Each county sets its own fee schedule for Court-appointed attorneys and some pay the same for a dismissal as for a guilty plea. Others pay much less for a dismissal than for a guilty plea, such as $175. v. $300. I realize the thinking is that a dismissal may be less work in Court appearances, but we should not do anything that would encourage guilty pleas.
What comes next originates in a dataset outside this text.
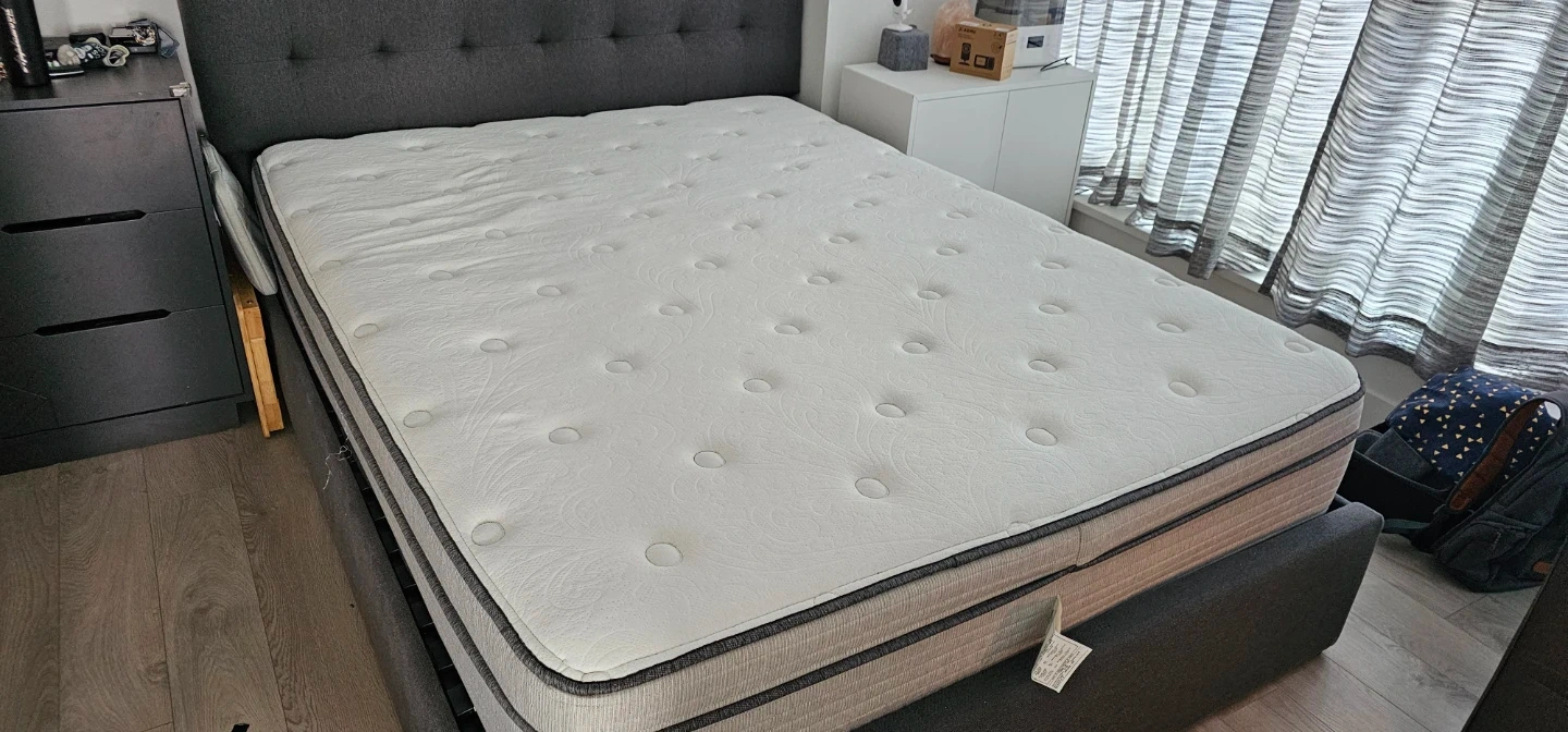 This is a Beautyrest mattress. It has a quilted top surface with a patterned design. The sides feature a textured fabric with a dark grey trim. Hardly used, always protected using a mattress topper.
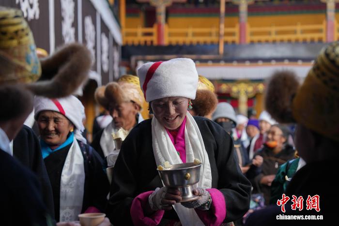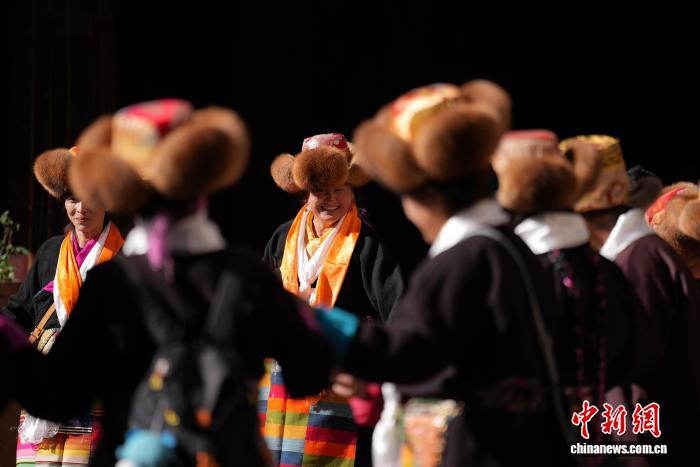 11月28日,隨著藏歷十月十五白拉姆節(jié)臨近,連日來,拉薩及周邊信眾身著色彩艷麗的藏裝節(jié)日盛裝,手持從家中精心準備的頭等青稞酒、新收的青稞及新鮮水果,陸續(xù)前往大昭寺、色拉寺、哲蚌寺等寺廟朝拜祈福。大昭寺內(nèi),信眾敬獻供品后載歌載舞,歌聲悠揚、舞步輕快,盡顯節(jié)日喜悅。白拉姆節(jié)又稱 “仙女節(jié)”。相傳,白拉姆是拉薩地區(qū)的保護神,是藏傳佛教最高護法神之一班丹拉姆的女兒。白拉姆曾與大昭寺護法神赤尊贊相互愛慕并私定終身,其母親班丹拉姆發(fā)現(xiàn)后,赤尊贊被趕到拉薩河南岸,每逢藏歷十月十五日,二人才能隔河相見一次。圖為白拉姆節(jié)臨近之際,信眾在大昭寺內(nèi)敬獻供品后載歌載舞的場景。貢確 攝

Another problem which exists in indigent defense is that some counties delay appointing attorneys past the time frame outlined by the Supreme Court. I suspect this goes on in counties where law enforcement, encouraged by the DA are overcharging cases, some of which result in a dismissal. If you appoint an attorney and the case gets dismissed, you have to pay that attorney. Of course, another solution would be to tell the DA to quit overcharging cases. LOL.

Anonymous said...

The Obama campaign forgot that part about where "Julia" gets two free lawyers courtesy of the taxpayers after she commits capital murder!

Anonymous said...

I offer no direct evidence, but some situations are as 2:00 hints, possibly rigged for failure on the defense side. I leave the speculation as to mechanisms/motive open. How are so many cases won by the prosecution by plea or trial? Cases on circumstantial evidence, flimsy evidence, shaky testimony... It is hard to believe defense attorneys as a group are that weak willed and bow to the prosecution so readily. You would think the truth, a man's freedom, a human life is more important than money.

Anonymous said...

Or maybe, 4:42, it's just because the vast majority of people who are charged are really guilty. Incidentally, the Constitution doesn't require that every indigent defendant get the best defense that money can buy.

Anonymous said...

Very unfortunately, landlords do not accept lofty ideals as payment for rent. It would be interesting to get one of the counties that pays more for a guilty plea to reverse that and pay more for dismissals and see if there is a change. Wonder what the DA would think about that?

Anonymous said...

I think DA's get paid the same (and not nearly enough for what they do, I might add) regardless of whether a case ends in a guilty plea or dismissal. Bottom line, however, is if the vast majority of criminal charges don't end in a conviction or deferred adjudication, someone (law enforcement or prosecutors) isn't doing a good job.